Long story short: Greater Boston has so many amazing WOC representing and fighting for its people.

  • The amazing US Rep. Ayanna Pressley
  • The determined reformer DA Rachael Rollins
  • The straight-talking State Rep. Chyna Tyler

And, not to be forgotten, true ally co-conspirator US Sen. Elizabeth “Let’s Get This Done” Warren. Sen. Warren gets it. She’s the real deal and all in for the people. She listens to what needs to be done and she knows how to get things done.

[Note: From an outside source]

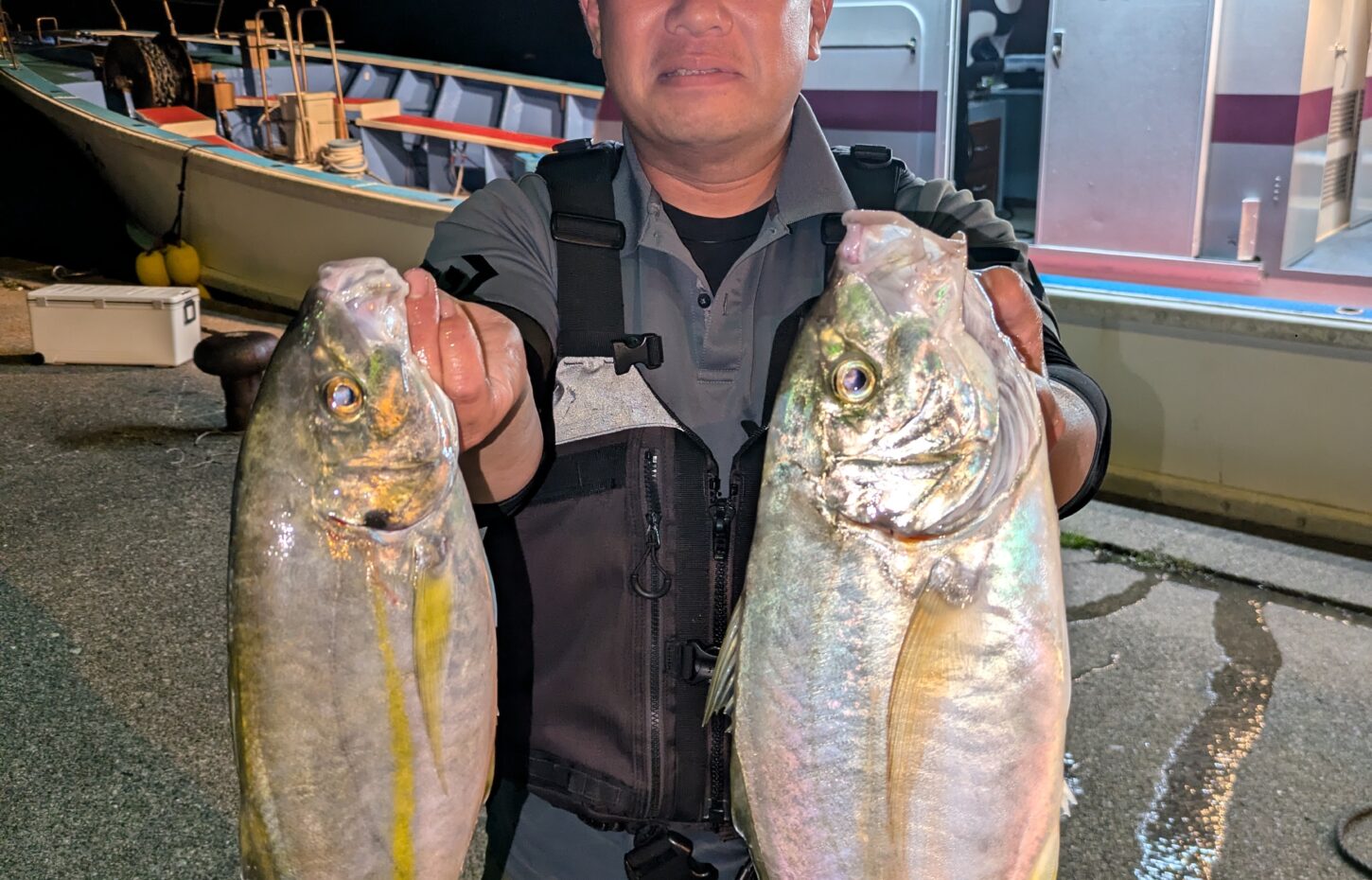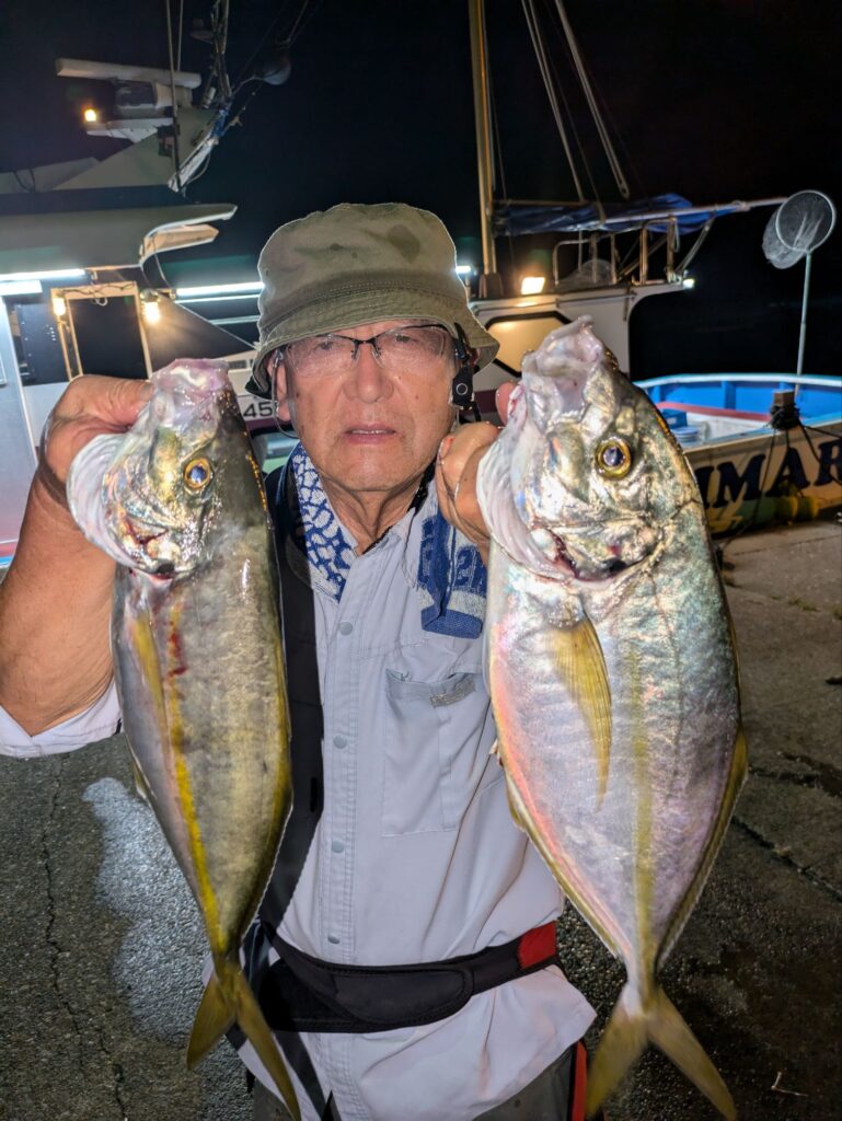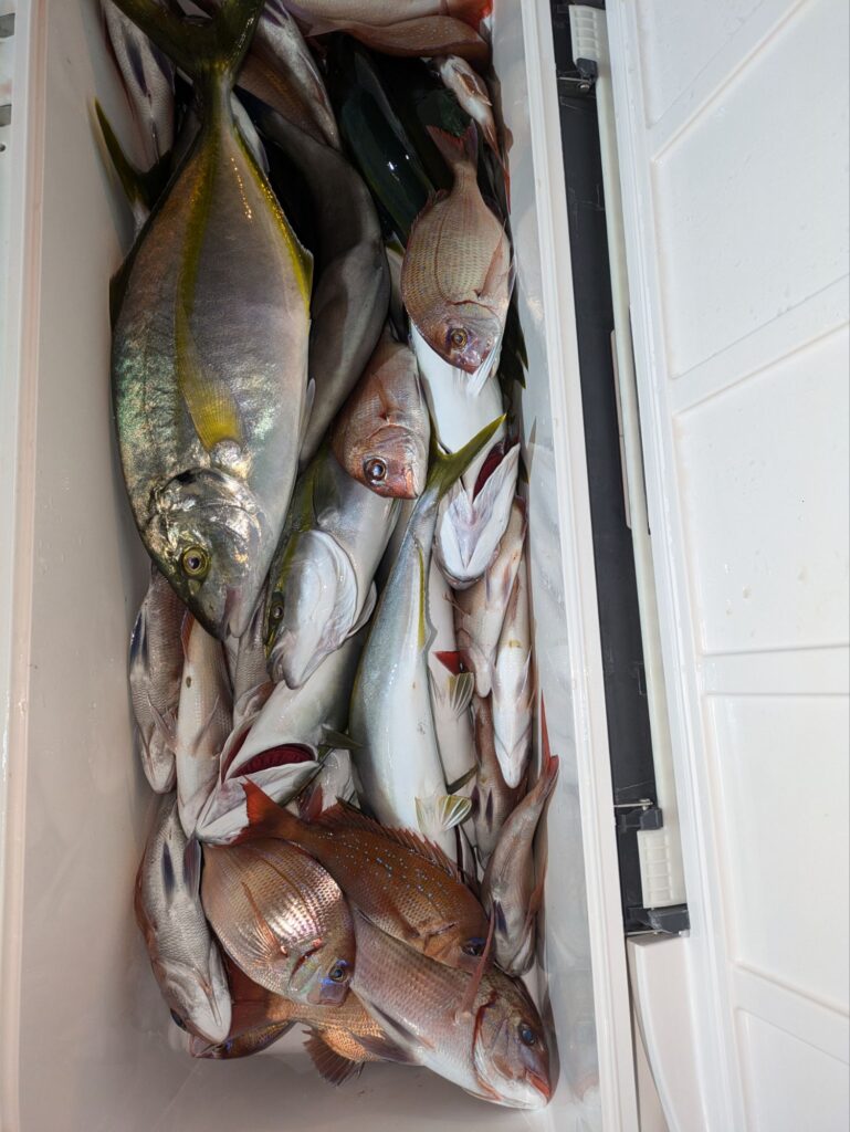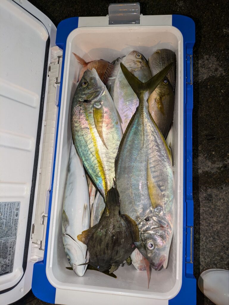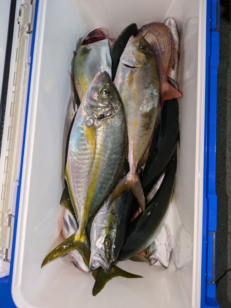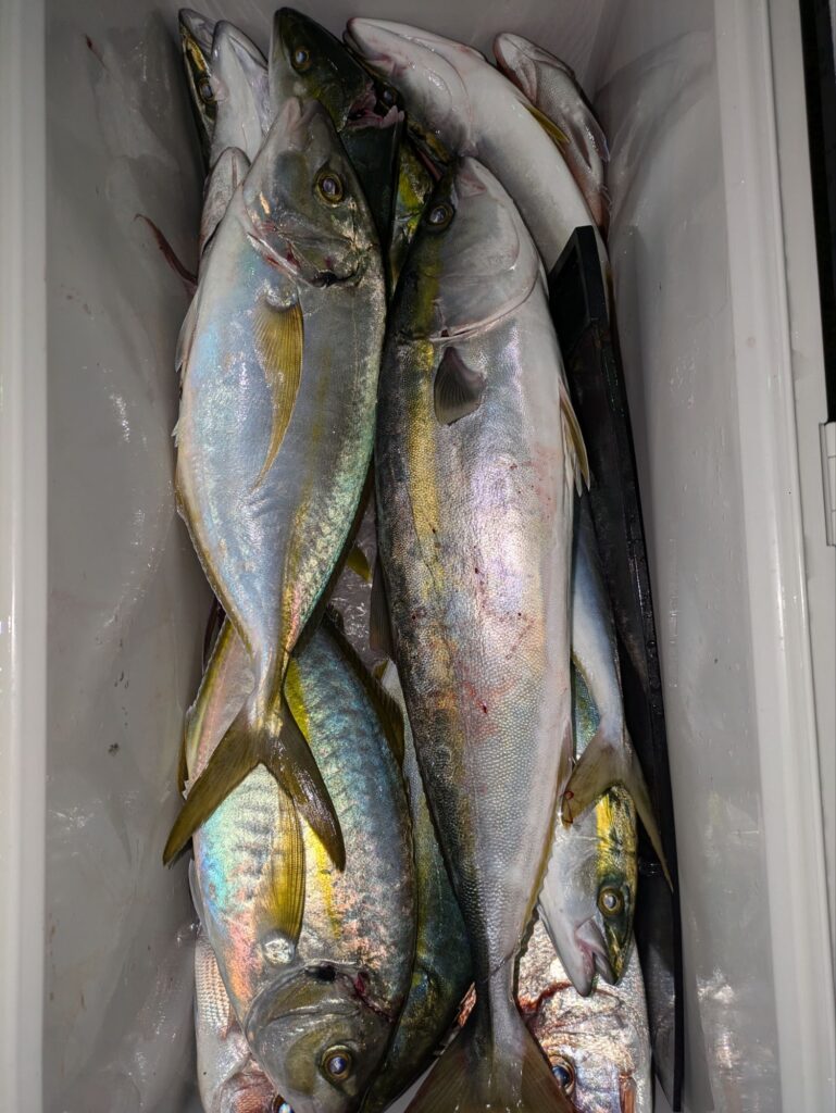 午後便のウタセマダイは近場で鯛やハマチが良く釣れて夕マズメにカンパチを狙いに行く。シオが2本でしたがシマアジの40cm〜50cmが6匹。丸々太ってて美味そう!

Powerful words from Representative Ayanna Pressley:

We are all gutted. We are exhausted. We are broken. And even in the midst of all of that, I still feel hope. I feel emboldened. I feel resolved.Please don’t ever apologize for taking up space with your pain. Because the reason we are still here is because we have not created enough space for it in the first place. We are always being talked out of our hurt, and that is why we cannot get to meaningful healing. Systemic injustice requires systemic solutions. We are managing a pandemic within a pandemic. Police brutality is a scourge: it is a pandemic. The pre-existing condition before COVID—and it still persists—is racism. So we are managing the pandemic, and the public health crisis in COVID-19, and the disproportionate hurt and harm and loss that we are experiencing because of that, which we were already experiencing before COVID. So we are going to be bold in our action. We’ll continue to be righteous and unapologetic about our rage. But I want us to be just as committed to being radical in our healing. Because we deserve that, too. And that healing is about being in community. It is about pouring into each other, and speaking life into each other. And I just don’t want us to lose sight of that.


And because we must not let anyone’s name be forgotten in the midst of so much pain, especially during Pride month, please don’t let the conversation leave out Tony McDade.